Segment Start: Source material

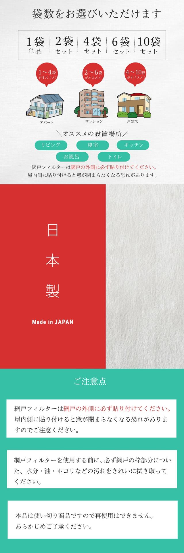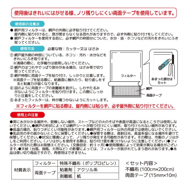 ■素材・成分:(フィルター)特殊不織布ポリプロピレン・(両面テープ)粘着剤アクリル系・(剥離紙)紙
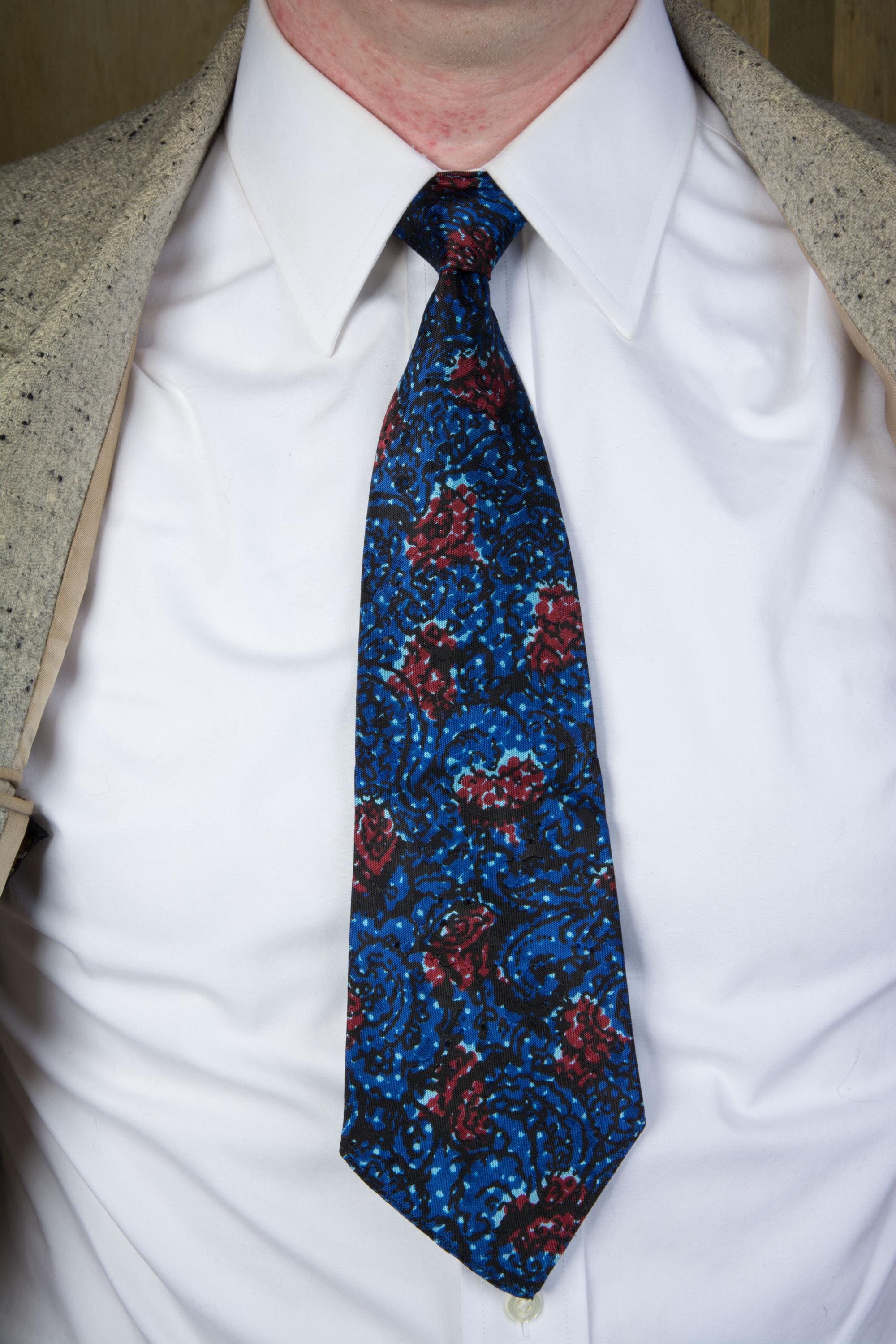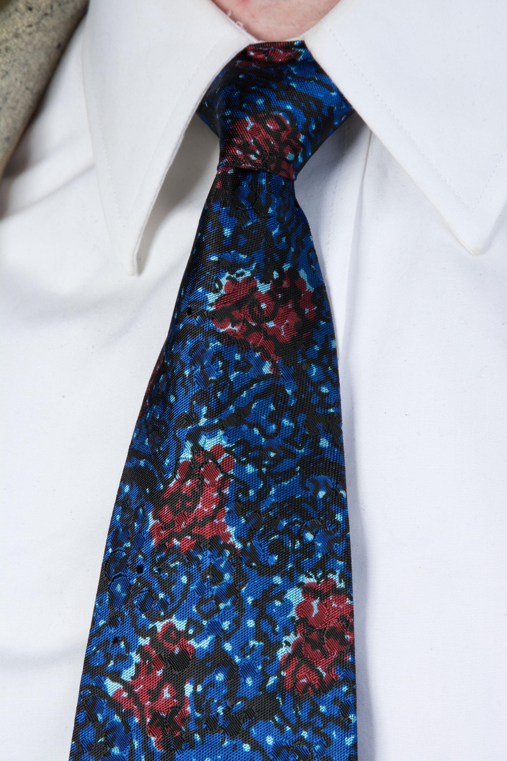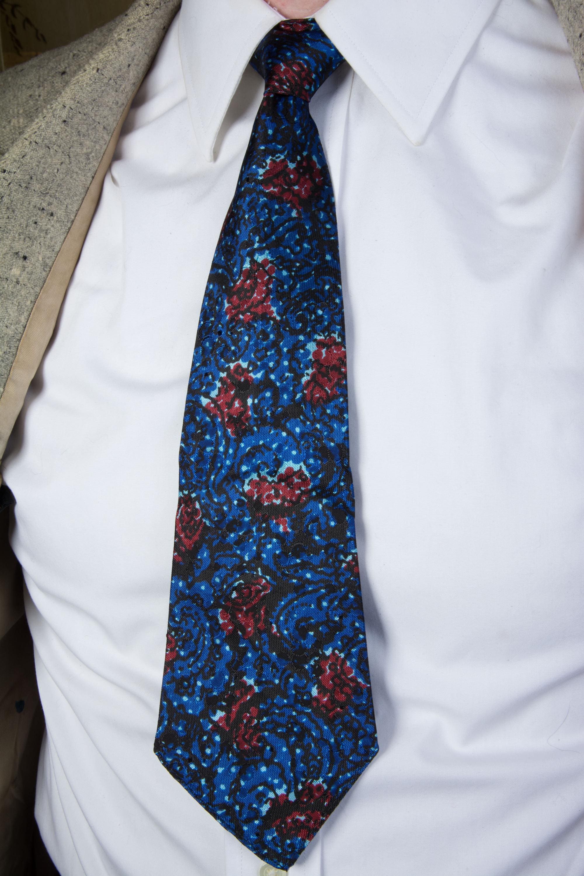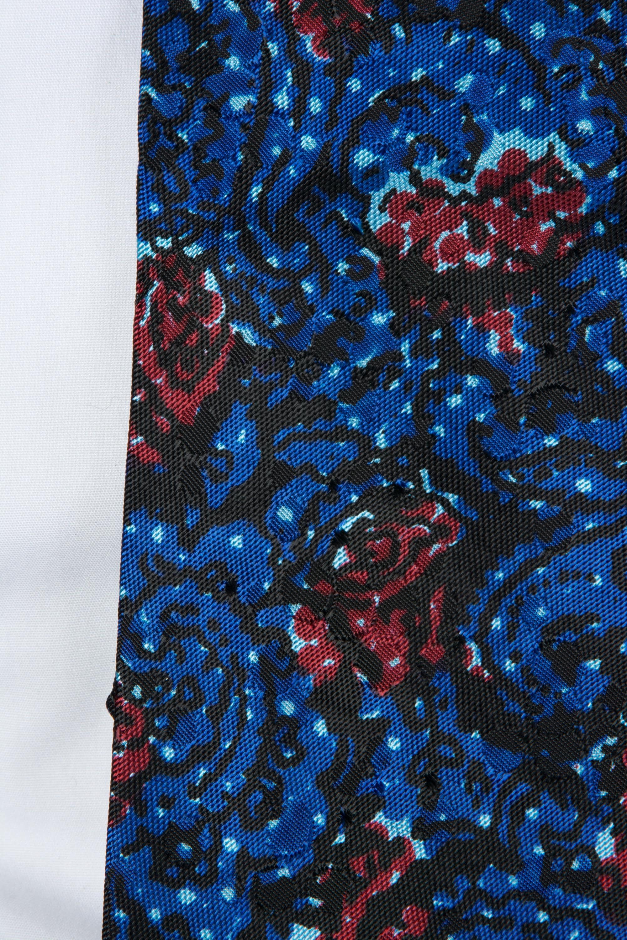 What a rare and lovely find! The original recipient didn't appreciate this gorgeous 1920s or 30s brocade tie - but you'll love it all the more for having it in its original box. The very best of gifts for a vintage tie collector (even if that collector is you.) This beauty is *immaculate* with paper tag and box, pocket square still perfectly pleated. The brocade is little swirls and dots that catch the light in this busy rose print, dense with blue, black and red. Absolutely striking.
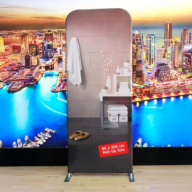 Çift Taraflı Kumaş Roll Up 120×220 cm, birçok alanda etkili bir tanıtım aracıdır:
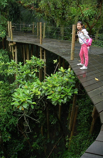 熱帶雨林空中步道,短短的高架木棧道,營造熱帶雨林風貌,可就近觀察樹幹層,繞個小圈回。H166m |

Segment End: Source material

• [Aim of the task]:
Go back to the line that contains "What a rare" and copy it, along with each line after it through the end of the listing above, exactly and without pictures.

• [Solved problem]:
 What a rare and lovely find! The original recipient didn't appreciate this gorgeous 1920s or 30s brocade tie - but you'll love it all the more for having it in its original box. The very best of gifts for a vintage tie collector (even if that collector is you.) This beauty is *immaculate* with paper tag and box, pocket square still perfectly pleated. The brocade is little swirls and dots that catch the light in this busy rose print, dense with blue, black and red. Absolutely striking.
 Çift Taraflı Kumaş Roll Up 120×220 cm, birçok alanda etkili bir tanıtım aracıdır:
 熱帶雨林空中步道,短短的高架木棧道,營造熱帶雨林風貌,可就近觀察樹幹層,繞個小圈回。H166m |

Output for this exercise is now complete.